In your transcription, keep every record exact and leave out the pictures.

*** LISTED RECORDS ***

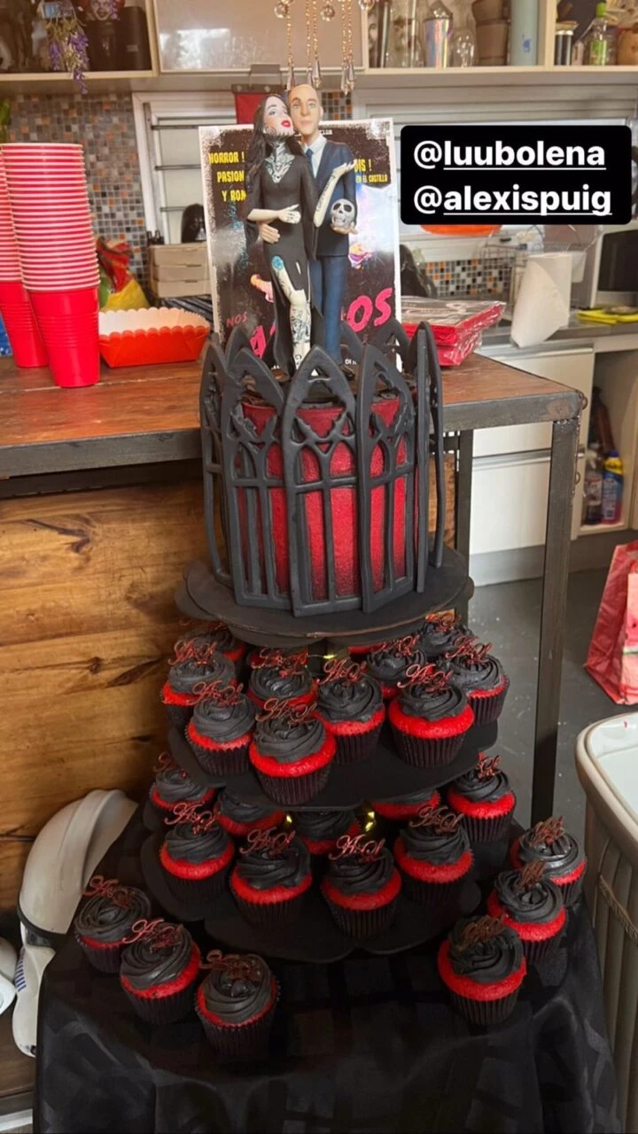 La torta también llevaba detalles como la representación de la estructura de un castillo y cupcackes red decorados con crema negra, culminando con las iniciales de ambos.
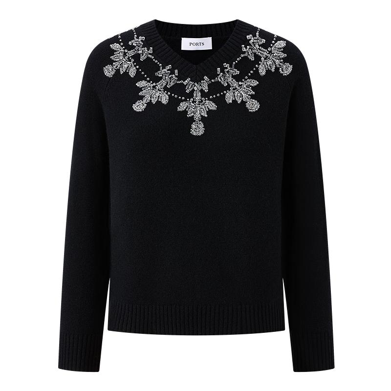 PORTS Women's V-Neck Hollow-out Knit Sweater
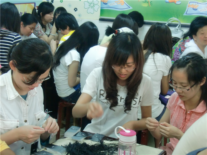 凤凰托养中心是我校的共建基地,是残联为精障、残障、孤残人士服务的非盈利福利性机构,服务对象为16周岁以上的残障人士。他们的生活主要靠低保和一些简单手工劳动的工资。学员们当中有的人动手能力很差,甚至连简单的打结都十分困难,志愿者们几小时的协助,就可以为他们增加一点收入,给他们更好一点的生活,更重要的是给他们带去一点快乐。
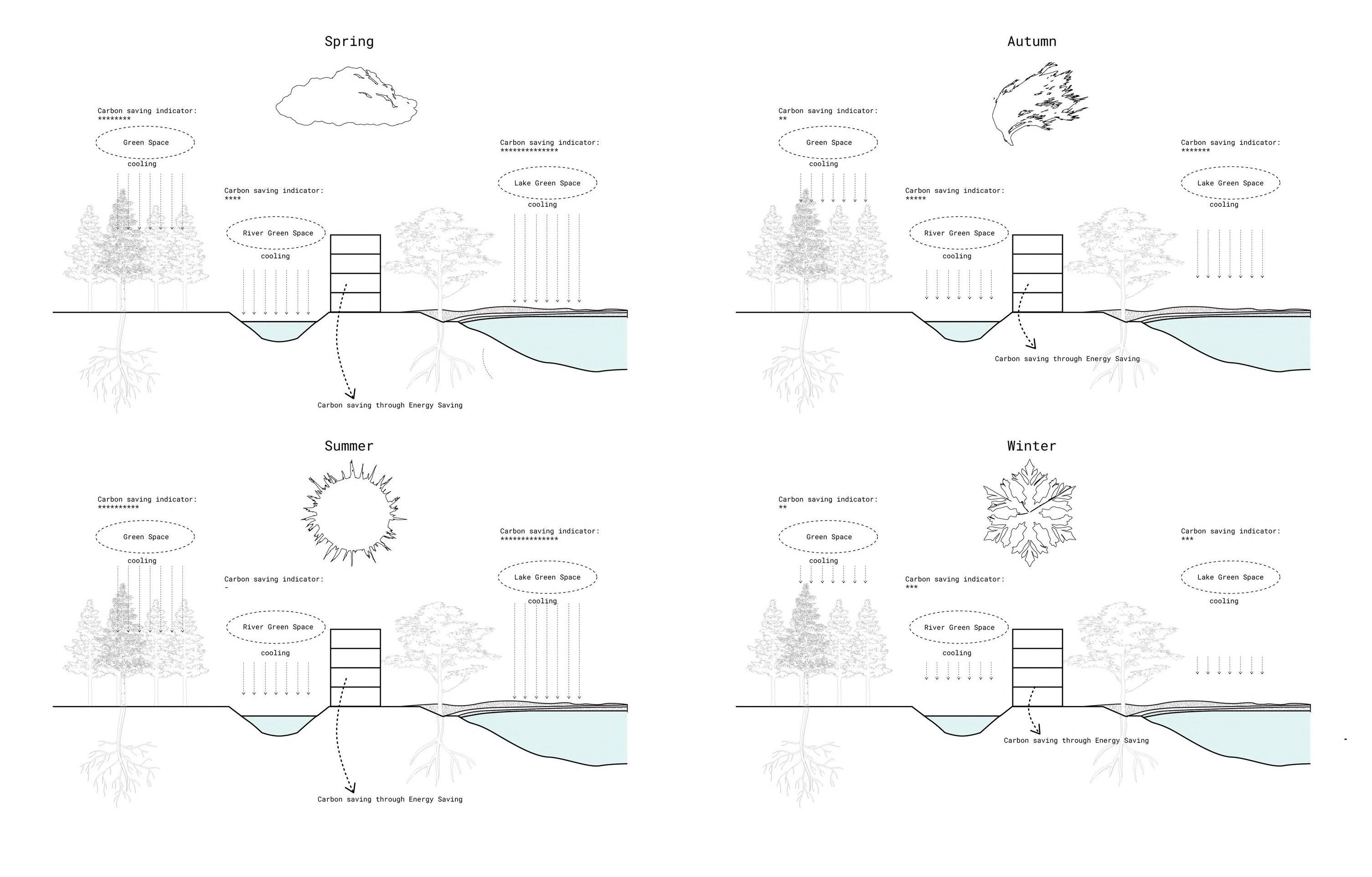 The third way to deal with carbon emission is through research for guidance for landscape and urban design. This research evaluates the cooling and carbon reduction capabilities of Urban Blue-Green Spaces (UBGS) in a high-density northern Chinese city, focusing on green spaces, river green spaces, and lake green spaces. Key indicators include Cooling Intensity (CI), Cooling Distance (CD), and Cooling Carbon Reduction (CS). Findings reveal that average Land Surface Temperature (LST) significantly affects UBGS functions, with green spaces showing the strongest carbon reduction in summer and spring. Lake green space outperforms river green space in summer and spring but falls short to river space in autumn and winter. It shows that an effective way of reducing carbon emission is through cooling by increasing green space.
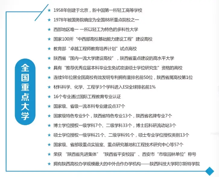 陕西科技大学是我国西部地区唯一一所以轻工为特色的多科性大学,是国家“中西部高校基础能力建设工程”建设高校,是“十二五”期间陕西省重点建设的高水平大学,是陕西省“国内一流大学建设高校”,是陕西省人民政府与中国轻工业联合会、中国轻工集团公司共同建设的重点高校。在六十多年的发展历程中,学校秉承“三创两迁”精神,恪守“至诚至博”校训,培养了16万名优秀人才,为国家建设和社会发展作出了重要贡献。

***

▶ _EXERCISE ANSWER_:
 La torta también llevaba detalles como la representación de la estructura de un castillo y cupcackes red decorados con crema negra, culminando con las iniciales de ambos.
 PORTS Women's V-Neck Hollow-out Knit Sweater
 凤凰托养中心是我校的共建基地,是残联为精障、残障、孤残人士服务的非盈利福利性机构,服务对象为16周岁以上的残障人士。他们的生活主要靠低保和一些简单手工劳动的工资。学员们当中有的人动手能力很差,甚至连简单的打结都十分困难,志愿者们几小时的协助,就可以为他们增加一点收入,给他们更好一点的生活,更重要的是给他们带去一点快乐。
 The third way to deal with carbon emission is through research for guidance for landscape and urban design. This research evaluates the cooling and carbon reduction capabilities of Urban Blue-Green Spaces (UBGS) in a high-density northern Chinese city, focusing on green spaces, river green spaces, and lake green spaces. Key indicators include Cooling Intensity (CI), Cooling Distance (CD), and Cooling Carbon Reduction (CS). Findings reveal that average Land Surface Temperature (LST) significantly affects UBGS functions, with green spaces showing the strongest carbon reduction in summer and spring. Lake green space outperforms river green space in summer and spring but falls short to river space in autumn and winter. It shows that an effective way of reducing carbon emission is through cooling by increasing green space.
 陕西科技大学是我国西部地区唯一一所以轻工为特色的多科性大学,是国家“中西部高校基础能力建设工程”建设高校,是“十二五”期间陕西省重点建设的高水平大学,是陕西省“国内一流大学建设高校”,是陕西省人民政府与中国轻工业联合会、中国轻工集团公司共同建设的重点高校。在六十多年的发展历程中,学校秉承“三创两迁”精神,恪守“至诚至博”校训,培养了16万名优秀人才,为国家建设和社会发展作出了重要贡献。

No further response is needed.